(Records shown begins)

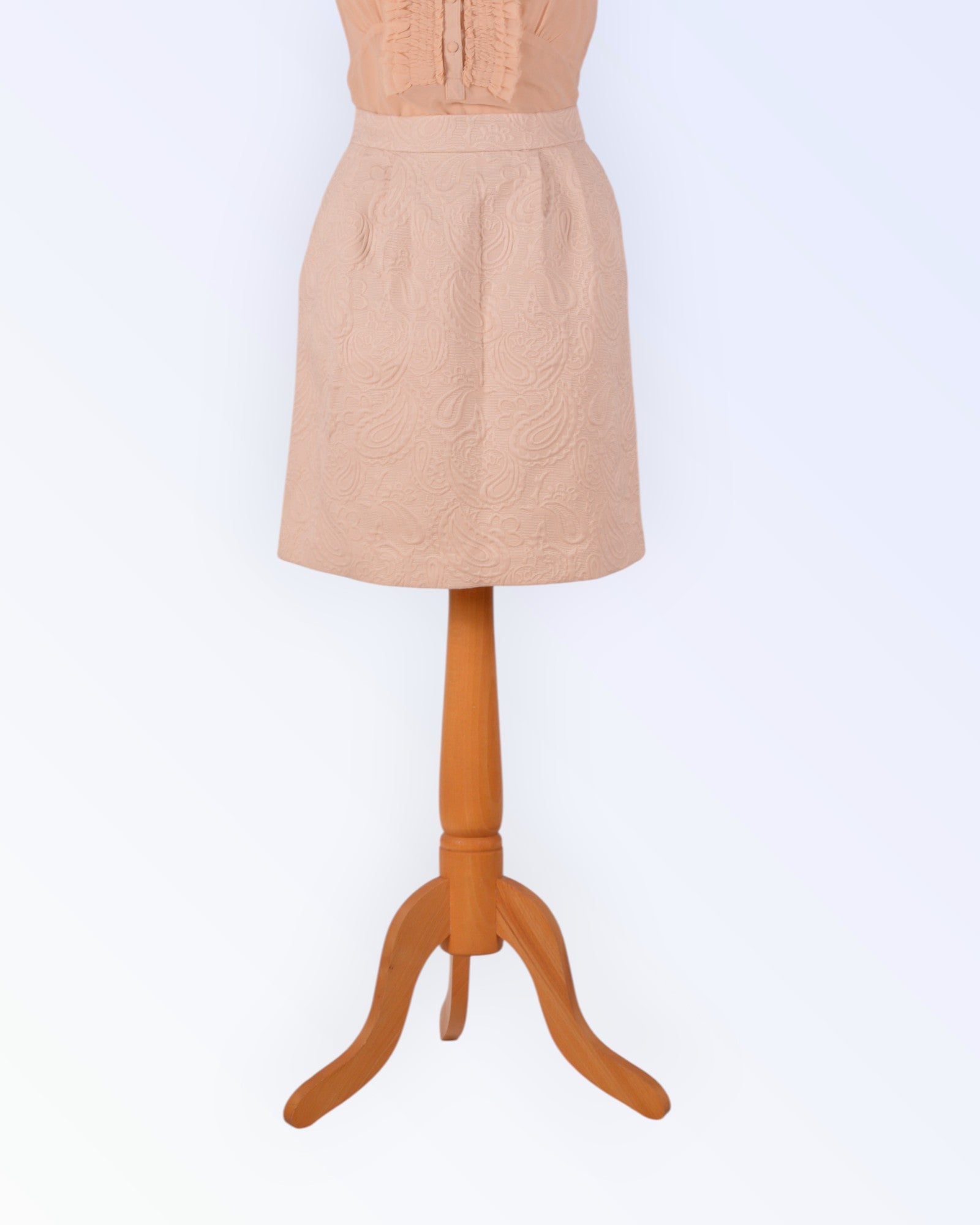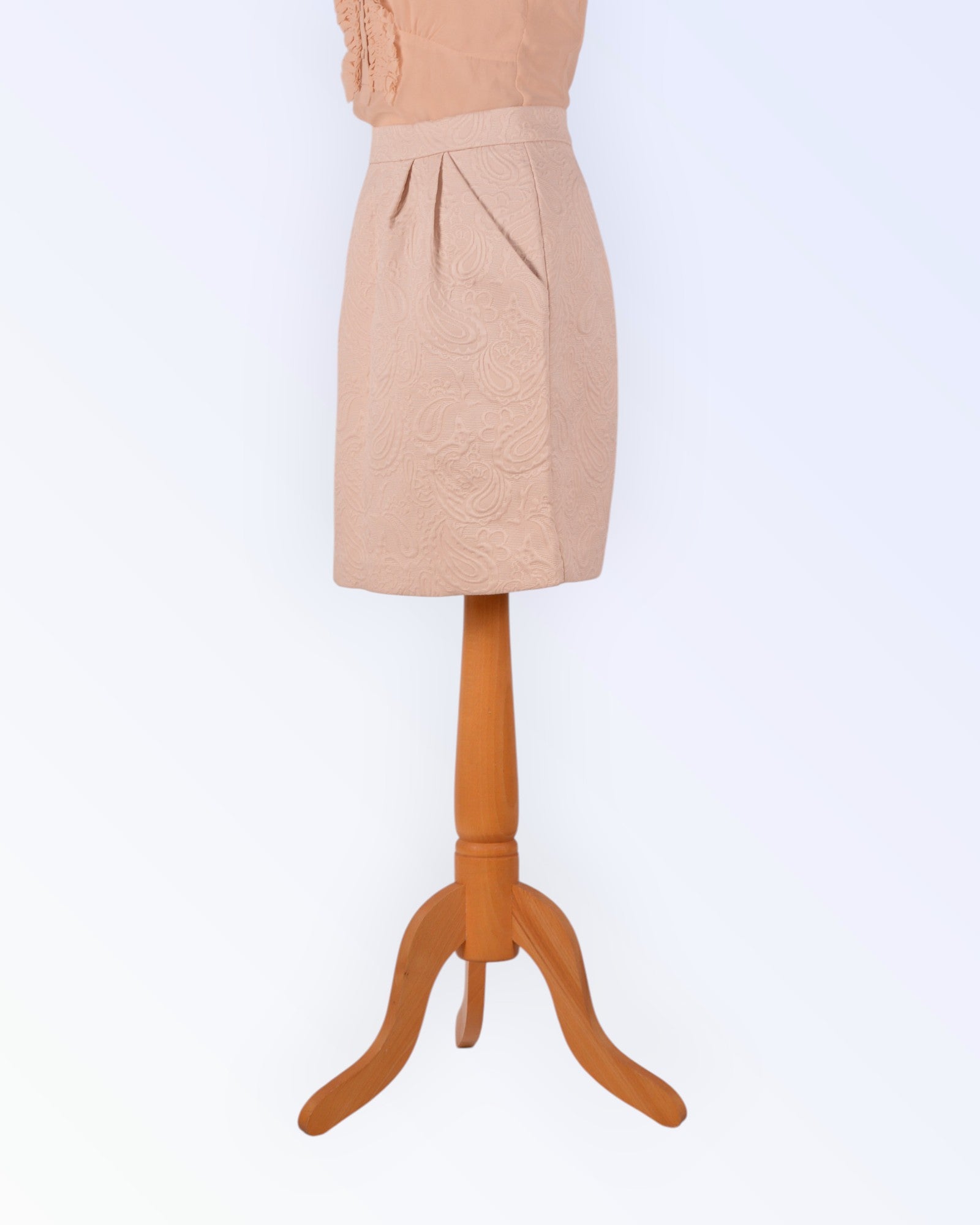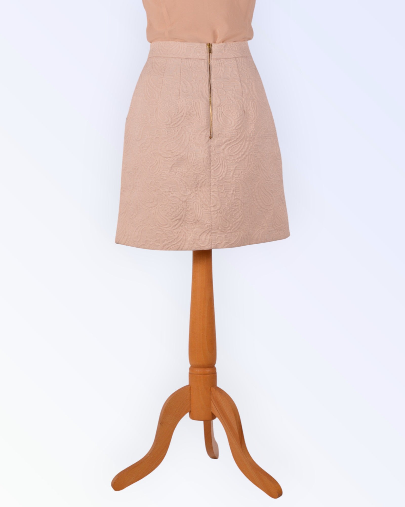 Vaaleanpunainen jacquard-kynähame. Vuorittomassa hameessa on laskokset edessä ja viistot sivutaskut. Takana keskellä saumassa on huomiota herättävä kultainen metallinen vetoketju.
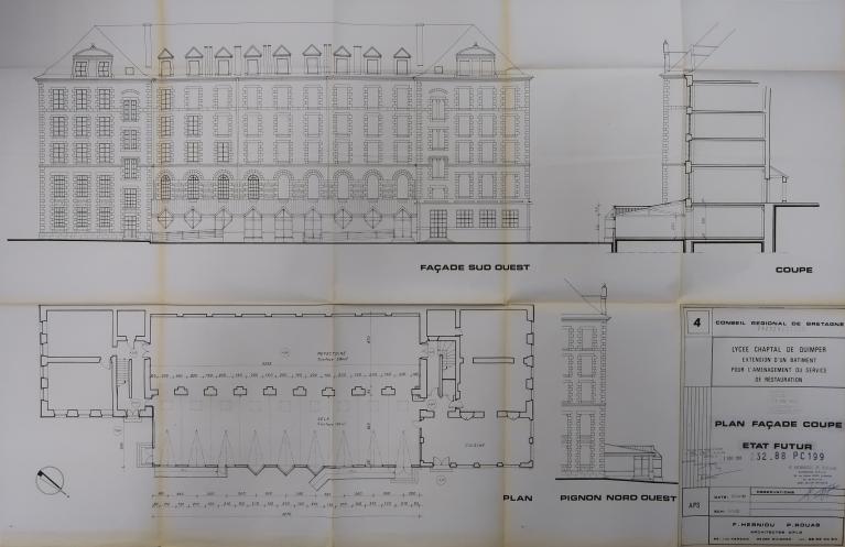 Région Bretagne (Service des archives) : 899 W 189. Lycée Chaptal, Quimper. Permis de construire. 1990
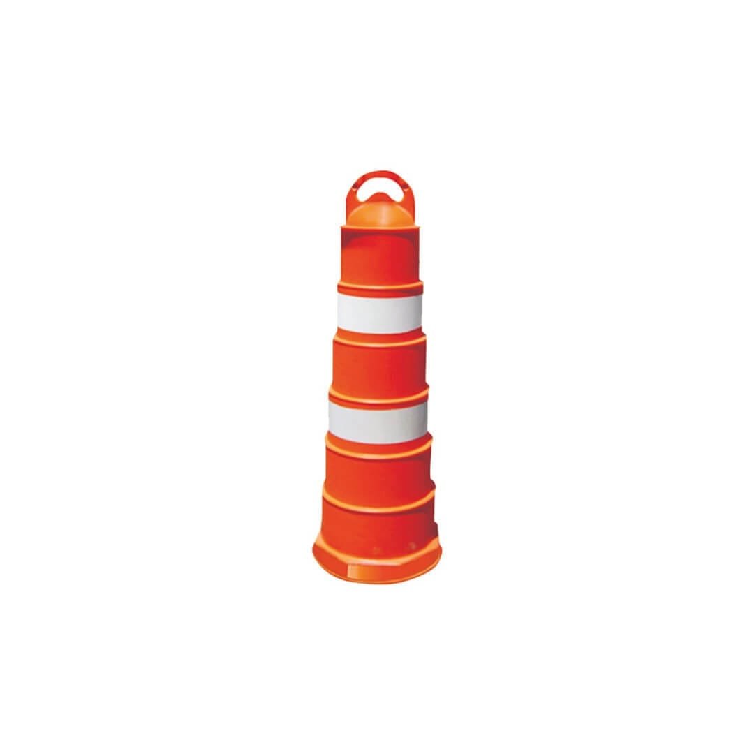 Descripción: Fabricado en polietileno. Color: Naranja. Medidas: diámetro de base: 41.0 cm. diámetro superior: 20.0 cm. Alto: 105.0 cm. Dos reflejantes grado ingeniería. No incluye base.
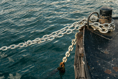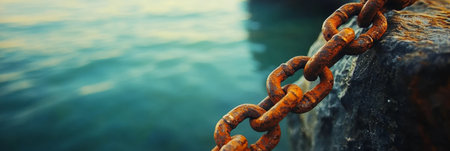 A close-up of rusty chains, neatly arranged on the edge of an industrial dock overlooking the sea and boats in the background. The warm sunlight casts long shadows over the chains' rough texture, highlighting their ruggedness against the blue water below. In sharp focus is one link, with rust streaks running across it, adding depth to the composition. This scene captures the essence of coastal commercial activity, emphasizing the strength of metal connecting ships to land. --chaos 30 --ar 16:9 --v 6.1 Job ID: 48f7754c-aba8-49af-8a98-7e683bef68d3
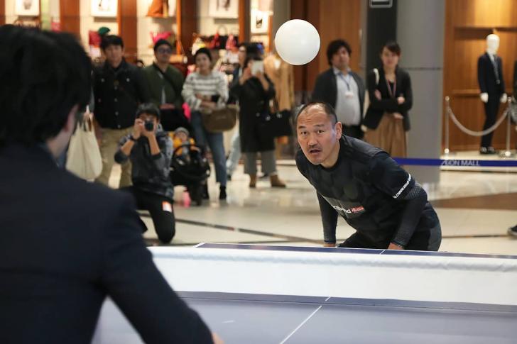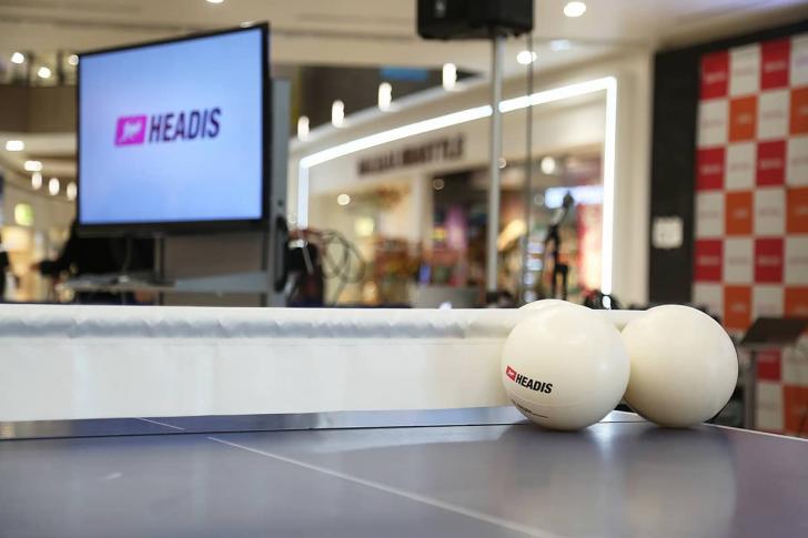 「へディス」とはサッカーのヘディングと卓球をミックスした競技で、卓球台を挟み直径16センチのゴムボールを打ち合う、いわば”ヘディング卓球”。台が体に触れてもOKで、全身を使ってボールを打ち返すダイナミックな競技性が世界中で話題に。
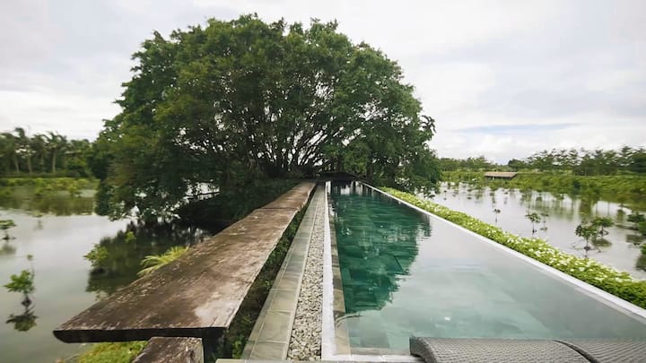 זה בין המקומות היחידים באזור עם בריכה.
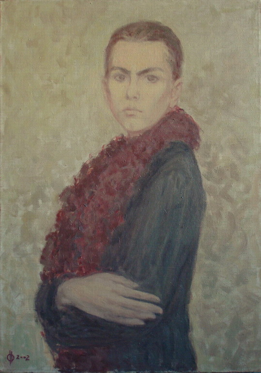 Daniela Chirion , The Red Scarf, oil on canvas, 70x50cm, 2002
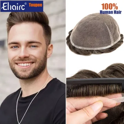 Cabelo Humano Masculino Peruca Mono Laço Base do P…
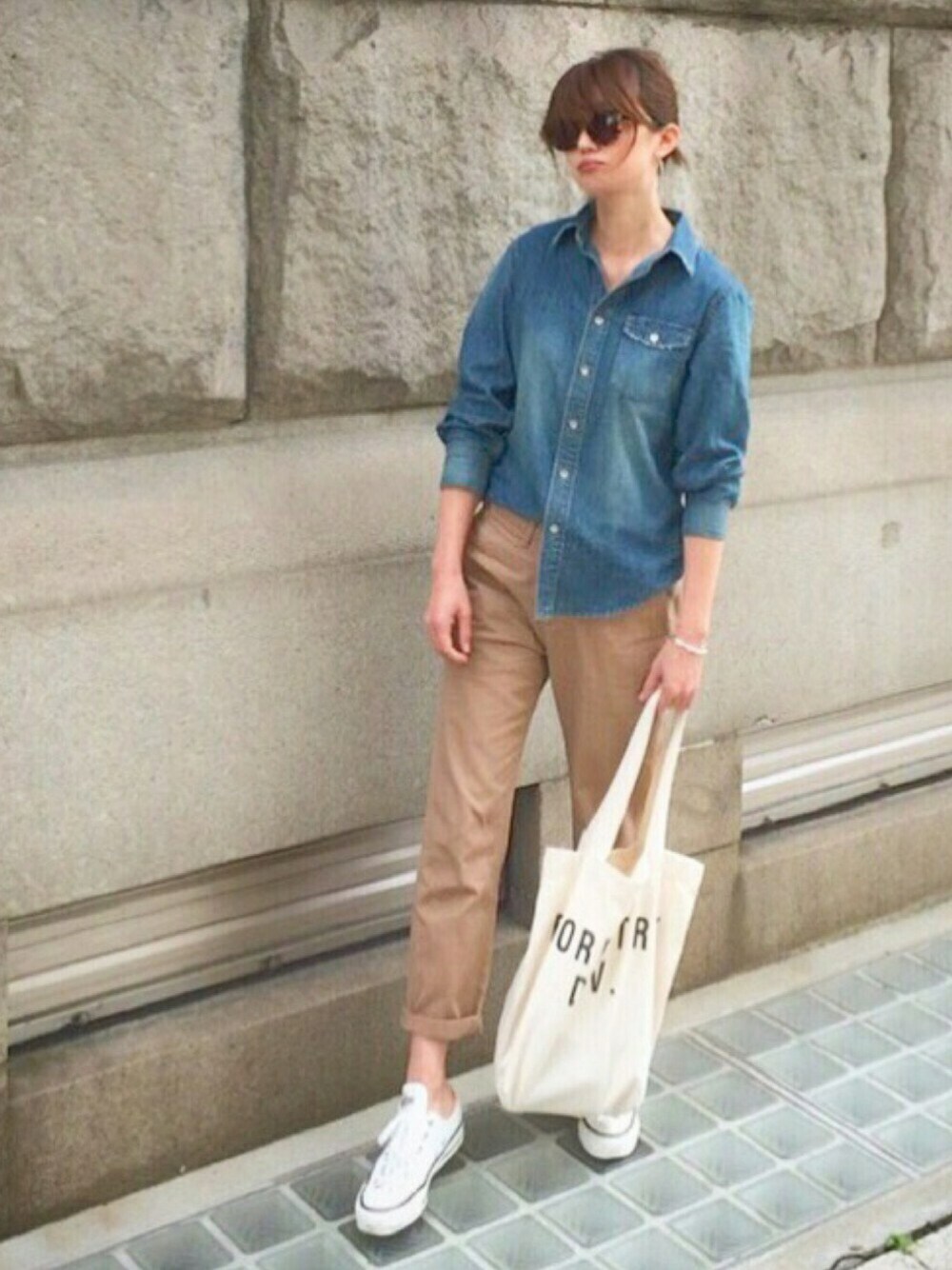 あさひのサングラス「〈SUNDAY SOMEWHERE〉Kiteys MARボストンサングラス」を使ったコーディネート

(Records shown ends)

> [Problem]
Give the entries above again word for word, without the pictures.

> [Task output]
 Vaaleanpunainen jacquard-kynähame. Vuorittomassa hameessa on laskokset edessä ja viistot sivutaskut. Takana keskellä saumassa on huomiota herättävä kultainen metallinen vetoketju.
 Région Bretagne (Service des archives) : 899 W 189. Lycée Chaptal, Quimper. Permis de construire. 1990
 Descripción: Fabricado en polietileno. Color: Naranja. Medidas: diámetro de base: 41.0 cm. diámetro superior: 20.0 cm. Alto: 105.0 cm. Dos reflejantes grado ingeniería. No incluye base.
 A close-up of rusty chains, neatly arranged on the edge of an industrial dock overlooking the sea and boats in the background. The warm sunlight casts long shadows over the chains' rough texture, highlighting their ruggedness against the blue water below. In sharp focus is one link, with rust streaks running across it, adding depth to the composition. This scene captures the essence of coastal commercial activity, emphasizing the strength of metal connecting ships to land. --chaos 30 --ar 16:9 --v 6.1 Job ID: 48f7754c-aba8-49af-8a98-7e683bef68d3
 「へディス」とはサッカーのヘディングと卓球をミックスした競技で、卓球台を挟み直径16センチのゴムボールを打ち合う、いわば”ヘディング卓球”。台が体に触れてもOKで、全身を使ってボールを打ち返すダイナミックな競技性が世界中で話題に。
 זה בין המקומות היחידים באזור עם בריכה.
 Daniela Chirion , The Red Scarf, oil on canvas, 70x50cm, 2002
 Cabelo Humano Masculino Peruca Mono Laço Base do P…
 あさひのサングラス「〈SUNDAY SOMEWHERE〉Kiteys MARボストンサングラス」を使ったコーディネート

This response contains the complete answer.